WORK INSTRUCTION
Using the material below, return exactly the lines between the one holding "Мероприятие для учащихся" and the one holding "Denilson, que tem", inclusive, and no others.

MATERIAL FOR THIS EXERCISE
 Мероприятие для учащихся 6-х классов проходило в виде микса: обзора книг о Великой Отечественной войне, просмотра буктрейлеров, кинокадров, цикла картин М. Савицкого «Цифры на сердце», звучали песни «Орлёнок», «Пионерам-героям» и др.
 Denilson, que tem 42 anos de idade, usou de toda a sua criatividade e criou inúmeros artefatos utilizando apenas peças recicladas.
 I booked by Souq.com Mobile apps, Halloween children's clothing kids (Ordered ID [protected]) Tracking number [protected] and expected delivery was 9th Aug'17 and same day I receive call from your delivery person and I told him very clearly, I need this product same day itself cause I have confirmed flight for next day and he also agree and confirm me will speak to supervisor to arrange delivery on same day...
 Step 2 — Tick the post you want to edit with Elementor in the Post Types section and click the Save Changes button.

...

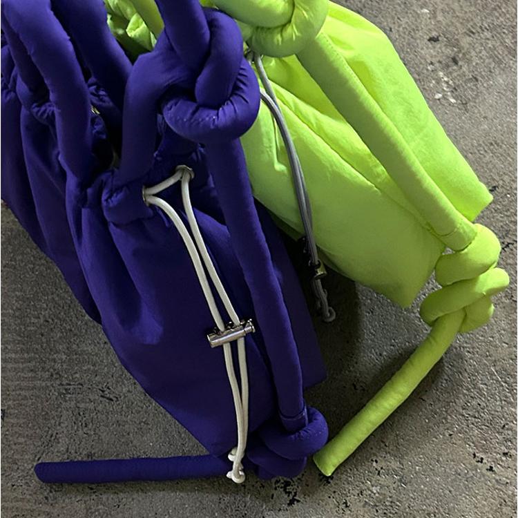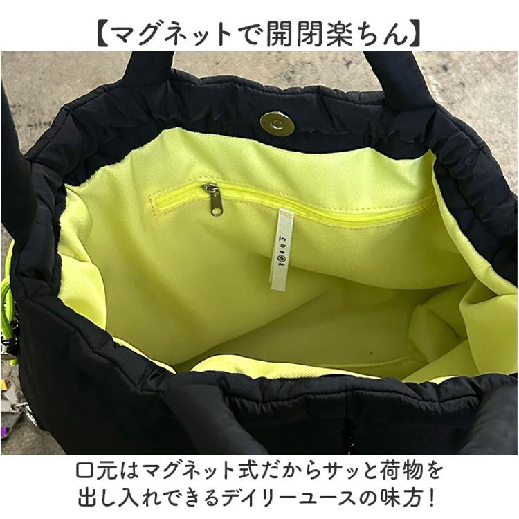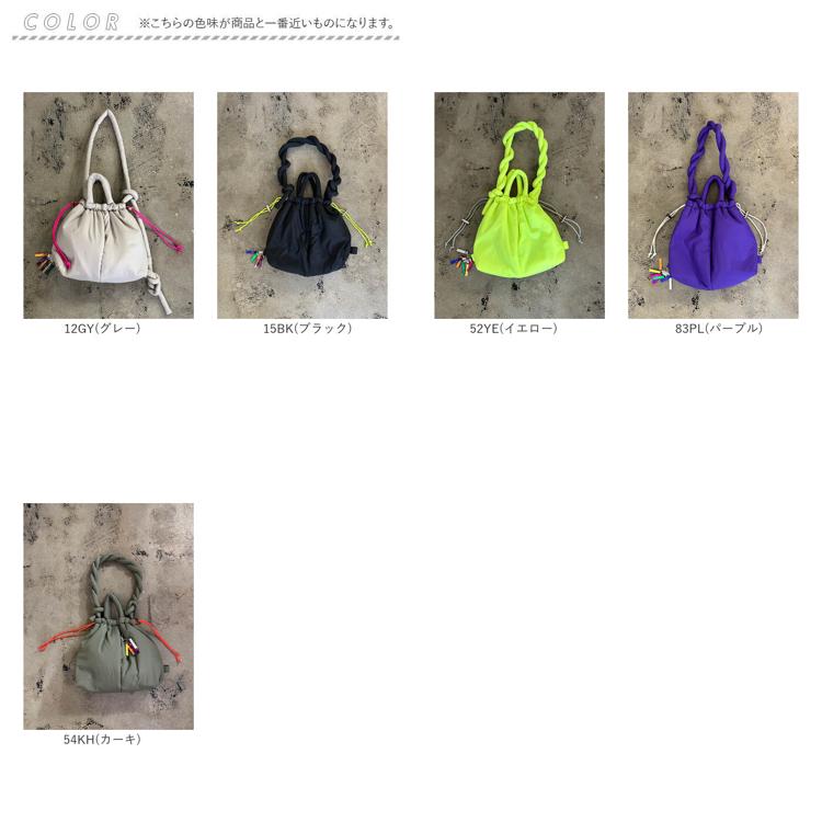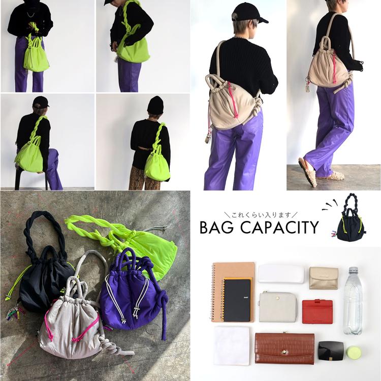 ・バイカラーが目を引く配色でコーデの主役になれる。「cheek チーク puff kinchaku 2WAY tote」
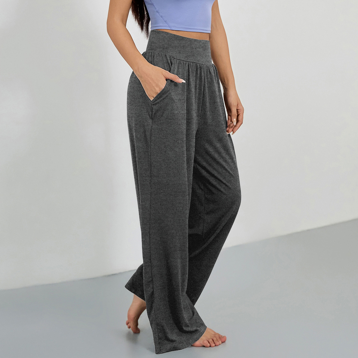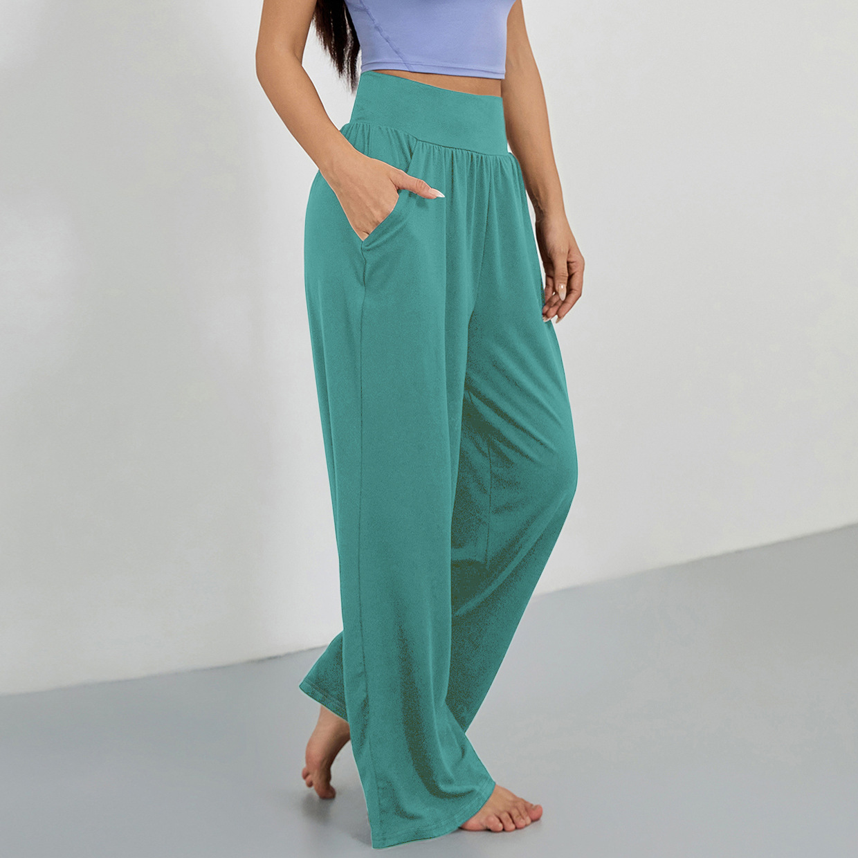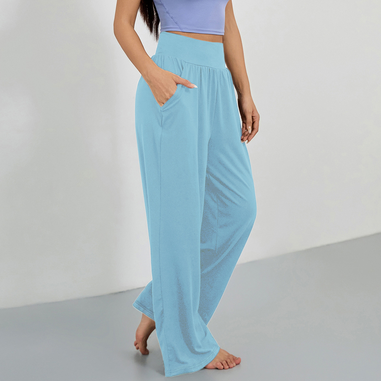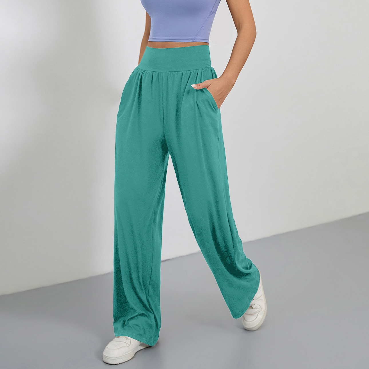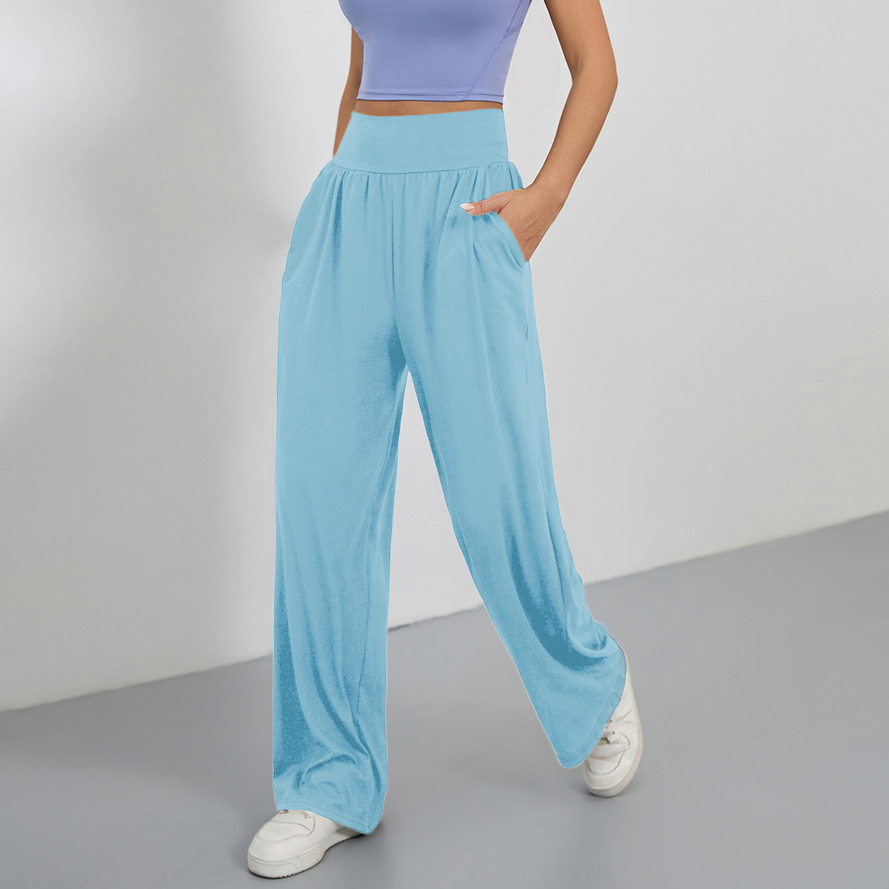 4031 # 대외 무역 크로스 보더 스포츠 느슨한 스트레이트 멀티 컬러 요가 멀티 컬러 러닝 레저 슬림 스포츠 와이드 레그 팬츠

---

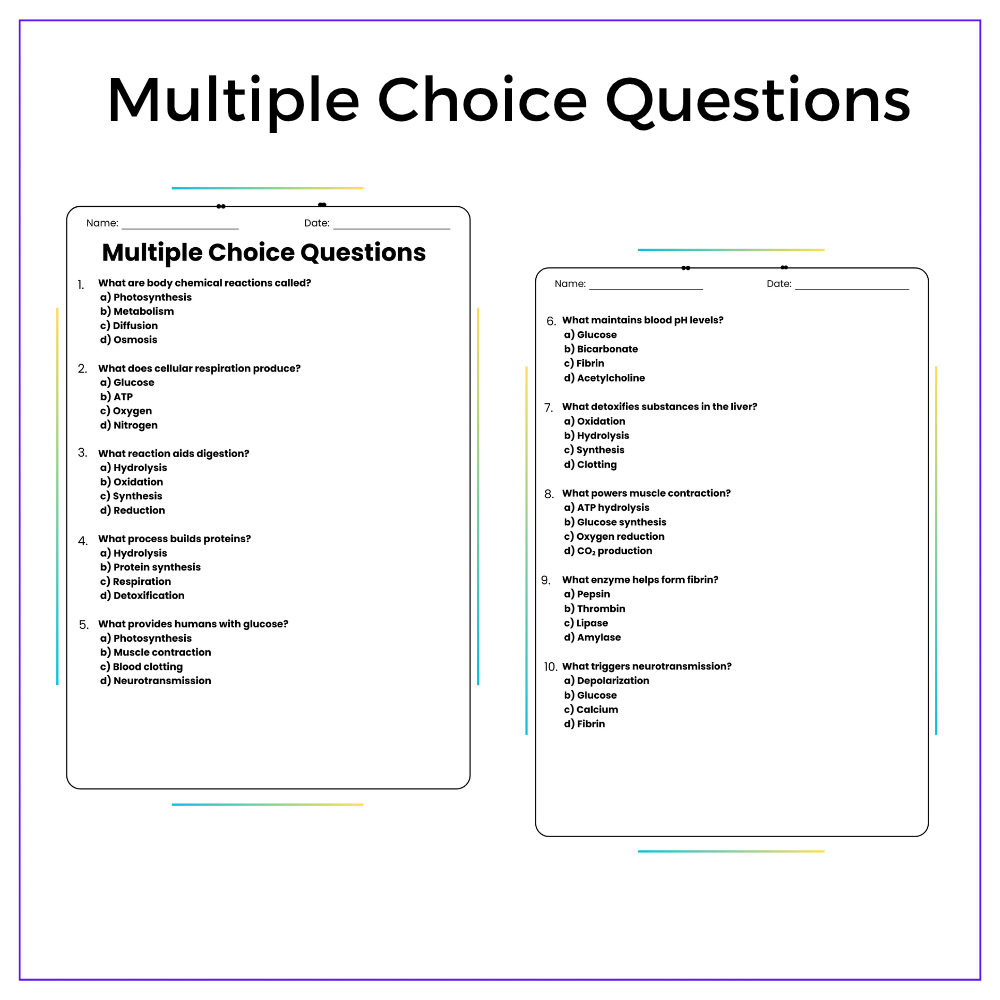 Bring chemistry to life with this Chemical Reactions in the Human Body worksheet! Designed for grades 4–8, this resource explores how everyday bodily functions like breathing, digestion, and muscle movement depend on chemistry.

ANSWER SPACE
 Мероприятие для учащихся 6-х классов проходило в виде микса: обзора книг о Великой Отечественной войне, просмотра буктрейлеров, кинокадров, цикла картин М. Савицкого «Цифры на сердце», звучали песни «Орлёнок», «Пионерам-героям» и др.
 Denilson, que tem 42 anos de idade, usou de toda a sua criatividade e criou inúmeros artefatos utilizando apenas peças recicladas.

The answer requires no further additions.